A pretexto do assassinato de Serguei Kirov, Estaline desencadeou a partir de
1934 uma purga, a Grande Purga, que eliminou cerca de dois terços dos quadros
do próprio Partido Comunista Soviético e cerca de cinco mil oficiais do exército
vermelho considerados opositores do regime, ao todo José Estaline liquidou mais
russos do que Hitler executou judeus e isso tudo foi só há menos de um século.
As revoluções hispano-americanas produziram ditadores, à
esquerda e à direita, que fizeram de povos livres e ricos, legiões de escravos
famintos enquanto os seus lideres e herdeiros, ainda hoje, se passeiam pelos
corredores perfumados e alcatifados das instâncias internacionais ofendendo os verdadeiros
bastiões das liberdades como se, esses sim, fossem as forças perniciosas.
Em África as coisas não se passaram de maneira diferente,
basta olharmos o nosso processo de descolonização e os seus produtos mais
diretos como Agostinho Neto e José Eduardo dos Santos isso para nos determos
apenas na maior e mais poderosa das nossas ex-colónias.
Hoje, por cá, neste
amontoado de “umbiguismos” reféns de falta de horizontes, vivemos, ou
sobrevivemos entretidos a empobrecermos, navegando num outro tipo de absolutismo.
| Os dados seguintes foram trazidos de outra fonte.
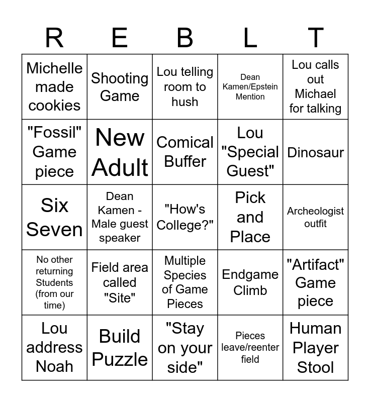 This bingo card has a free space and 24 words: Field area called "Site", Build Puzzle, Comical Buffer, Lou address Noah, Lou calls out Michael for talking, Michelle made cookies, "Fossil" Game piece, Shooting Game, Pick and Place, Multiple Species of Game Pieces, Lou "Special Guest", Six Seven, Endgame Climb, "Artifact" Game piece, New Adult, Pieces leave/reenter field, Archeologist outfit, Lou telling room to hush, Dinosaur, Dean Kamen - Male guest speaker, Human Player Stool, No other returning Students (from our time), Dean Kamen/Epstein Mention and "Stay on your side".

O garrote sobre o verbo, sobre a liberdade de
expressão e sobre as mais básicas liberdades individuais deixou de ser feito
com recurso a prisões e leis especificas da censura e passou a ser exercido com
jeito e malicia pelas forças ocultas do estado omnipotente e omnipresente, do
“regulamentozinho”, da “portariazinha” muitas vezes feita com interesses
enviesados e outras tantas com justificações
ad hominem que provocam a pior
das reações, a autocensura que é bem pior do que a propriamente dita ação do
lápis azul. A nova tortura é a exclusão
e a fome e aos novos revolucionários não os espera um heroico regresso num
qualquer comboio da liberdade mas só e apenas a emigração como espécie de
exilio por convite sem direito a bilhete de regresso.
In Jornal Diário dos Açores, edição de 12 de Maio de 2019.